Provided material Block Start

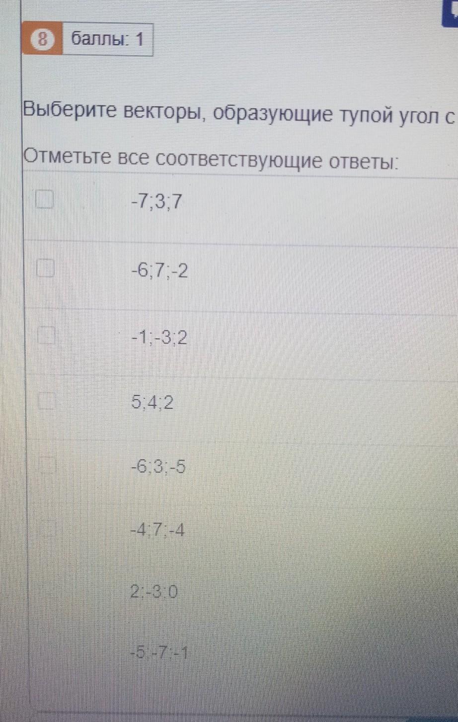 Выберите векторы, образующие тупой угол с векторном a(-5;-4;-7)
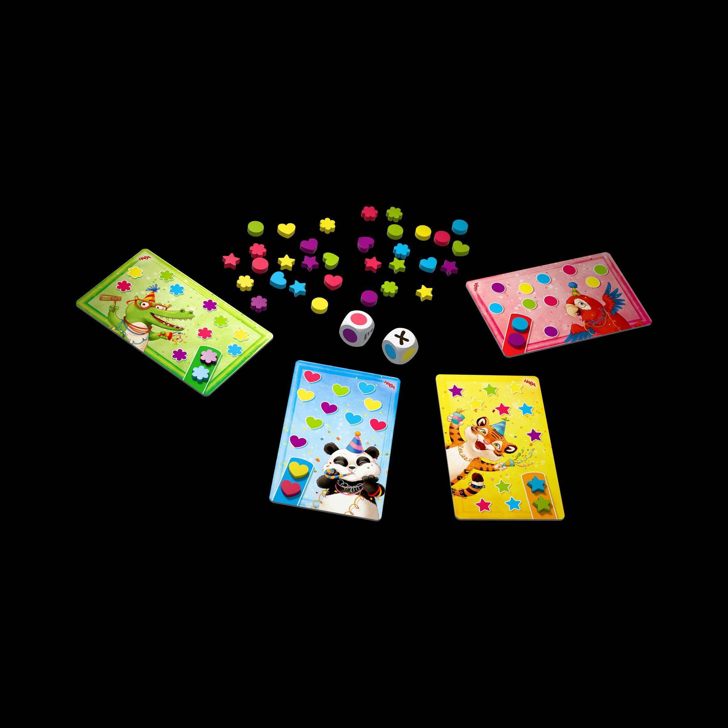 Was braucht man für eine tolle Party? Natürlich ganz viel buntes Konfetti, denn das sorgt für gute Laune. Panda, Krokodil & Co. haben mit ihren Konfettikanonen richtig Spaß. Wer mit etwas Würfelglück zuerst das bunte Konfetti um sein Tier verstreut, gewinnt.
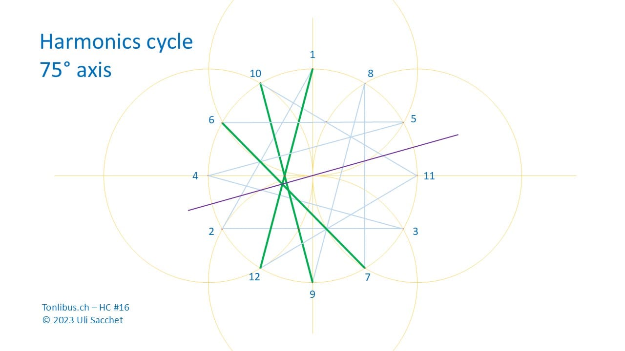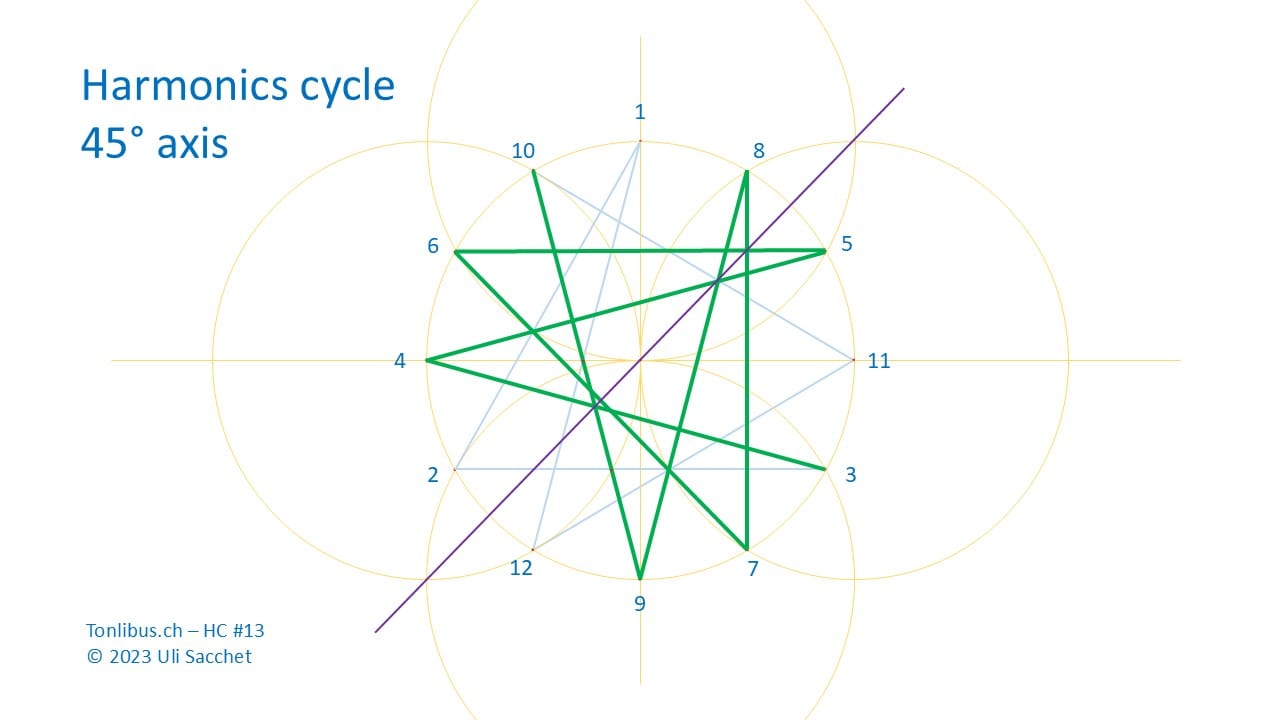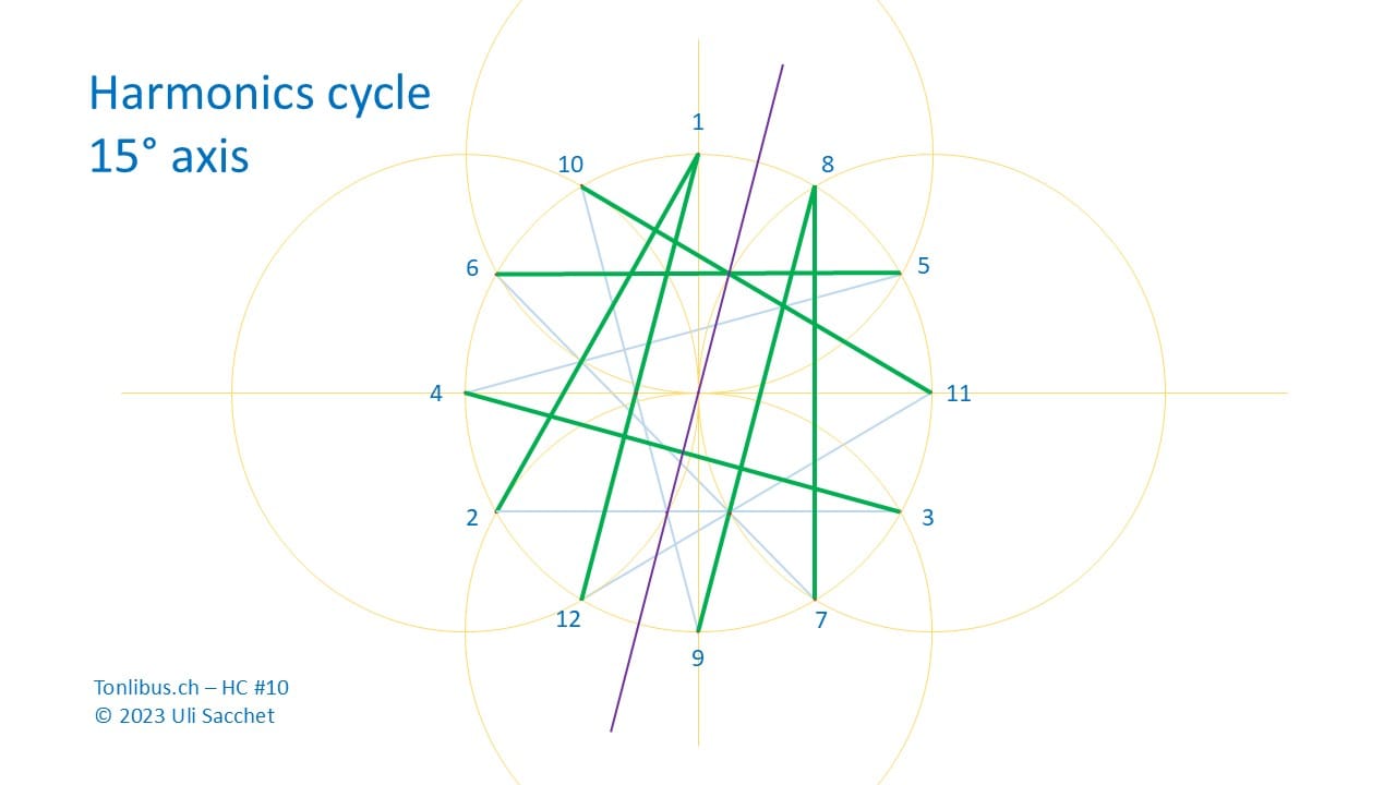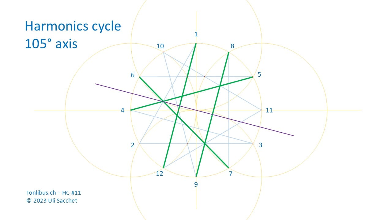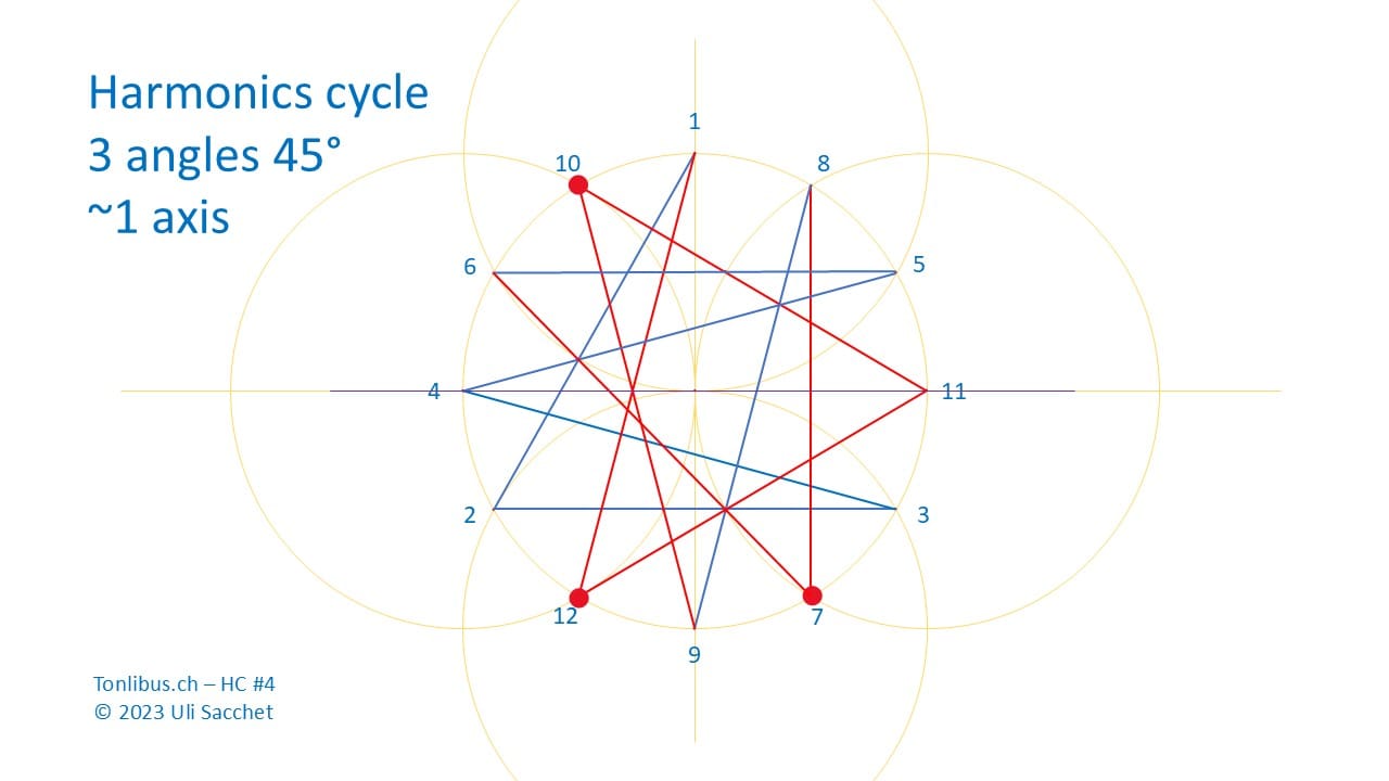 Einige Details zu MixoBal oder HexaNaMix, eine Mixolydisch-Ableitung, finden sich im Beitrag Tonalität des Monats Juni 2023. Sie ist zwar als Ableitung in der Übersichts-Tabelle der Tonalitäten nach unterem und oberem Tetrachord und der Na-Tonalitäten verzeichnet, wird aber als Ableitung im Tonalibus-Katalog von Tonalitäten nicht weiter aufgeführt. Sie führte jedoch zu der folgenden Darstellung des Oberton-Zyklus.
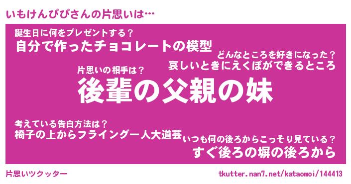| 胡散臭い通販商品みたいなあだ名 | 『億万長者になれる水晶球…その名も「いもけんぴぴ」』 |

Provided material Block End

▶ The problem
Repeat all of the listing above word for word, and exclude the pictures.

▶ Answer to this exercise
 Выберите векторы, образующие тупой угол с векторном a(-5;-4;-7)
 Was braucht man für eine tolle Party? Natürlich ganz viel buntes Konfetti, denn das sorgt für gute Laune. Panda, Krokodil & Co. haben mit ihren Konfettikanonen richtig Spaß. Wer mit etwas Würfelglück zuerst das bunte Konfetti um sein Tier verstreut, gewinnt.
 Einige Details zu MixoBal oder HexaNaMix, eine Mixolydisch-Ableitung, finden sich im Beitrag Tonalität des Monats Juni 2023. Sie ist zwar als Ableitung in der Übersichts-Tabelle der Tonalitäten nach unterem und oberem Tetrachord und der Na-Tonalitäten verzeichnet, wird aber als Ableitung im Tonalibus-Katalog von Tonalitäten nicht weiter aufgeführt. Sie führte jedoch zu der folgenden Darstellung des Oberton-Zyklus.
| 胡散臭い通販商品みたいなあだ名 | 『億万長者になれる水晶球…その名も「いもけんぴぴ」』 |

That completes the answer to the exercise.